When asked, Parker defended riding a motorcycle to make a point about air pollution: "Motorbikes are very fuel efficient, and my BMW is one of the best. It uses unleaded fuel, the best available."
Parker's mission was given the green light by the Clean Air Network. "They told me that people need to get around, and the message is not to stop people from driving cars, but to do it in the most responsible way that they can."
Parker lives with his daughter Aria, who joined him at several locations along the way. He said his project had an extensive offset programme managed by Carbon Neutral. It planted trees and donated money to environmental initiatives to offset the carbon emitted by the bike, and from the air travel and cars used by the film crew.
When asked about the stand-out moment of the journey, Parker pointed to day 16.
"I had to ride 150 kilometres to open a school in Laos. It was supposed to be the driest part of the year, but instead the temperature was below zero and it had been raining for weeks. I was riding on a dirt road that had long since turned into mud."

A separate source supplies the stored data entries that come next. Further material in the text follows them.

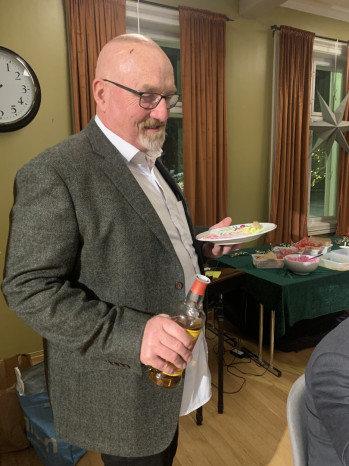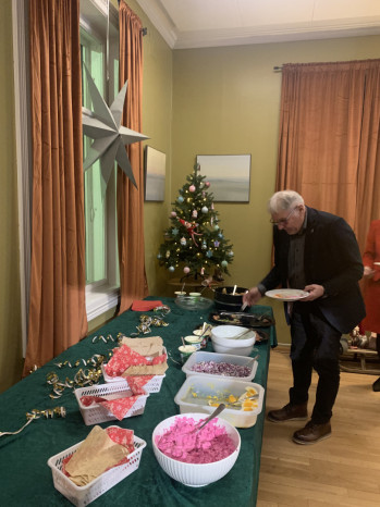På menyen sto rakfisk med godt tilbehør og godt drikke, kaffe og julekaker. Praten gikk livlig, og vi sang julesanger. Åshild leste en god historie med rett dialekt fra "sin" landsdel.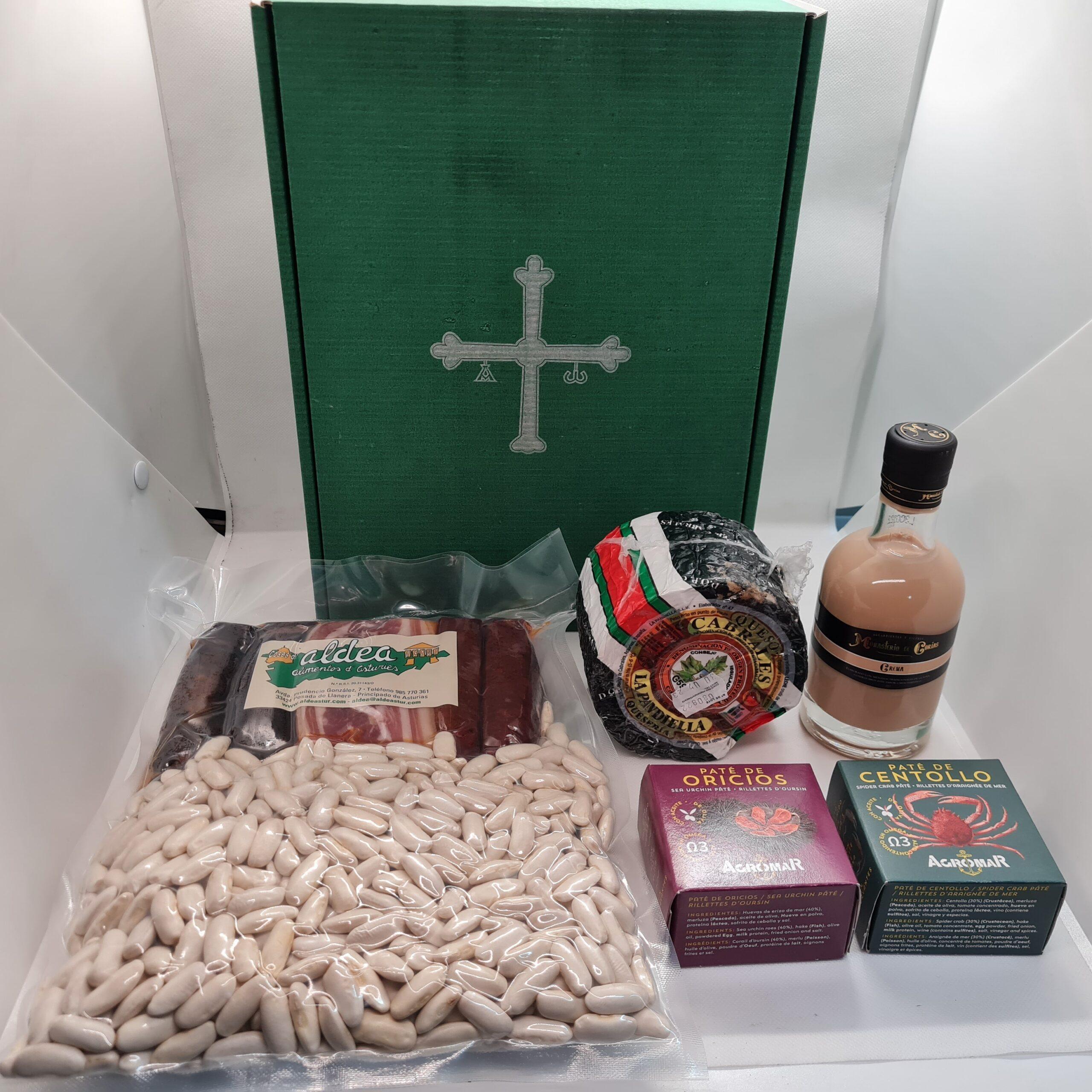 CAJA DELICATESSEN ASTUR 1 – Caja Cruz de la Victoria con Preparado de fabada para 4 personas, licor de crema de orujo Monasterio de Corias 200 cl, paté de centollo, paté de oricios y queso Cabrales.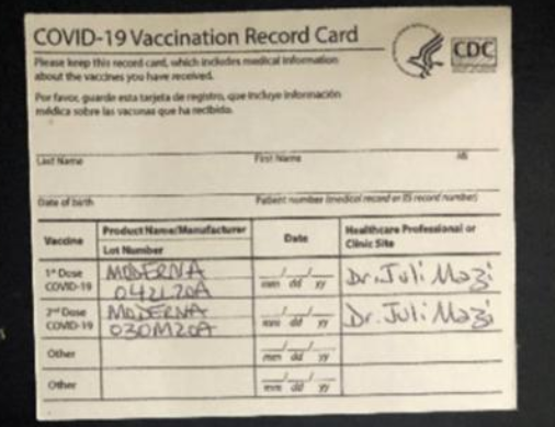 In July, the investigator said in court papers, he received a package containing a CDC COVID-19 vaccination card marked with the name and date of birth he provided and a cellphone screenshot showing that the information he provided had also been added to the state database.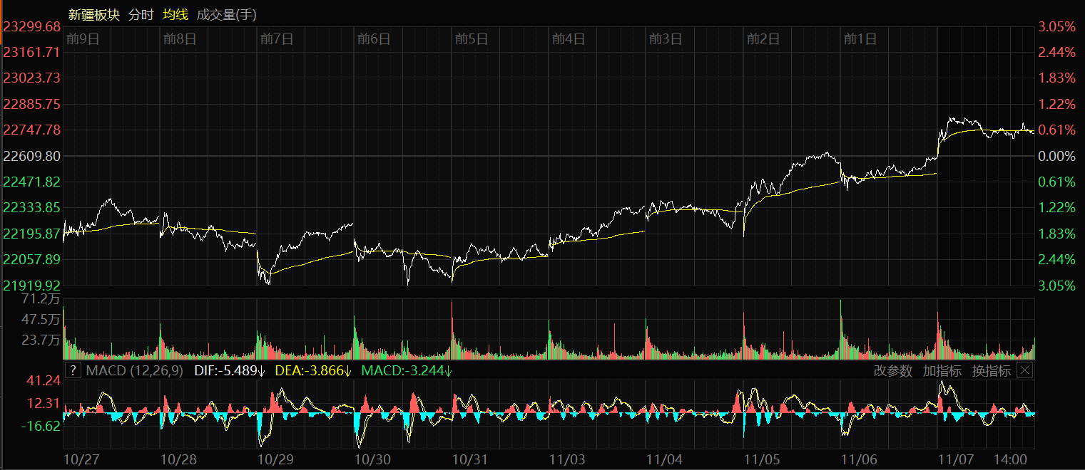 11月7日收盘时,新疆板块指数涨0.51%,报收22724.50点,31只股票上涨,27只股票下跌,3只股票平盘,个股上涨比例为50.82%,总换手率2.20%,总成交额353.80亿元。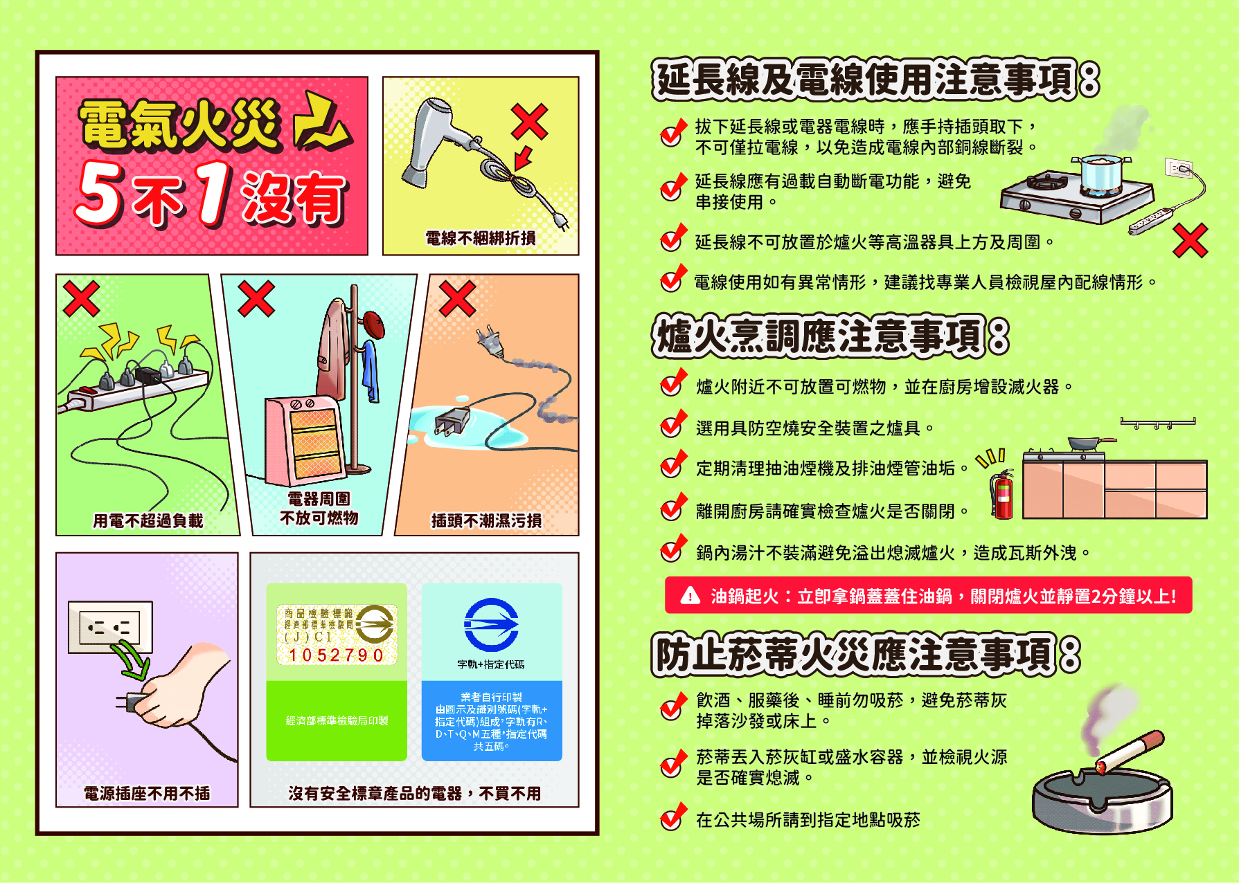 5、住宅防火 10 招:1.菸蒂確實熄滅 2.定期清理廚房油垢 3.勿堆 積雜物防止縱火 4.嚴禁孩童玩火釀災 5.使用防焰物品防止延燒 6.裝設鐵窗要預留開口 7.烹煮食物記得人離火熄 8.置滅火器可 初期滅火 9.裝住警器可及早通報 10.學習用火用電安全知識。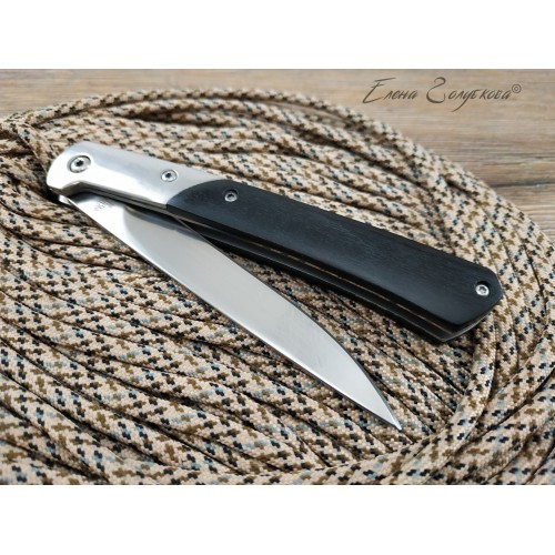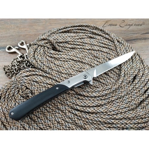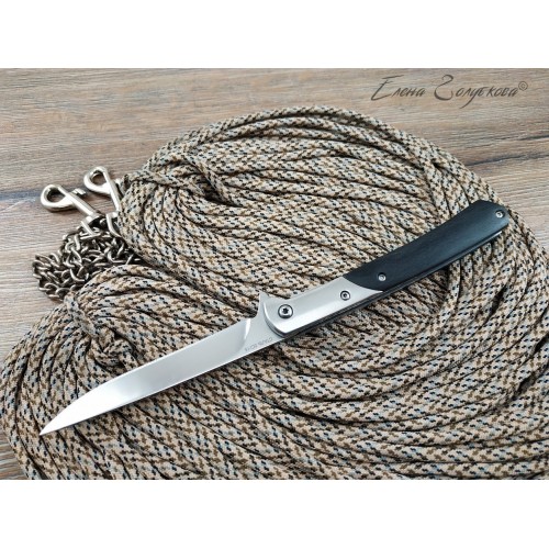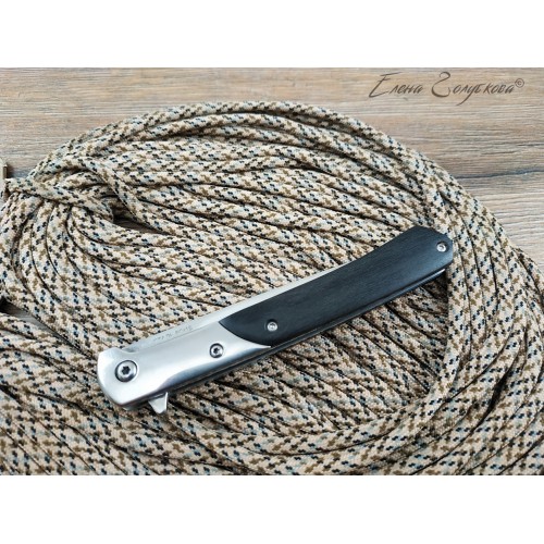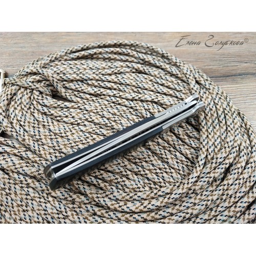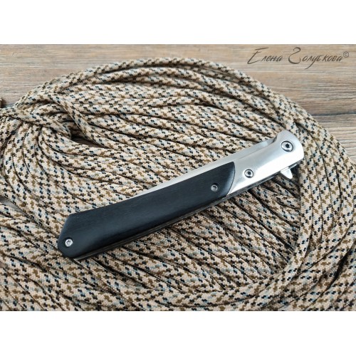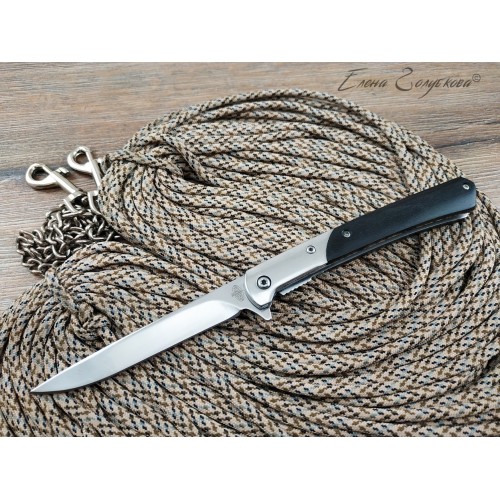 Нож складной сталь 5Cr15MoV B5210, прямой силуэт, длинный и узкий клинок, не броская, но изящная отделка рукояти, удобная клипса. Клинок, типа "normal-blade", с вогнутыми спусками. Благодаря осевому узлу, собранному с использованием подшипников, нож готов к работе буквально за секунду. При этом выступ на пяте клинка, предназначенный для открывания ножа, образует выраженный подпальцевый упор. Благодаря этому упору прямая рукоять надежно сидит в руке.

A journey that should have taken two hours ended up taking 15. Parker's pre-journey fitness programme paid off: he came off his bike no fewer than 20 times and wound up suffering from hypothermia.
"That day, I wondered how the hell I was going to make it all the way to Australia. I was almost broken."
But the next day brought a change of heart: "I saw how much it meant for those rural schoolchildren in Laos to see the bike, and to have the film crew visit them."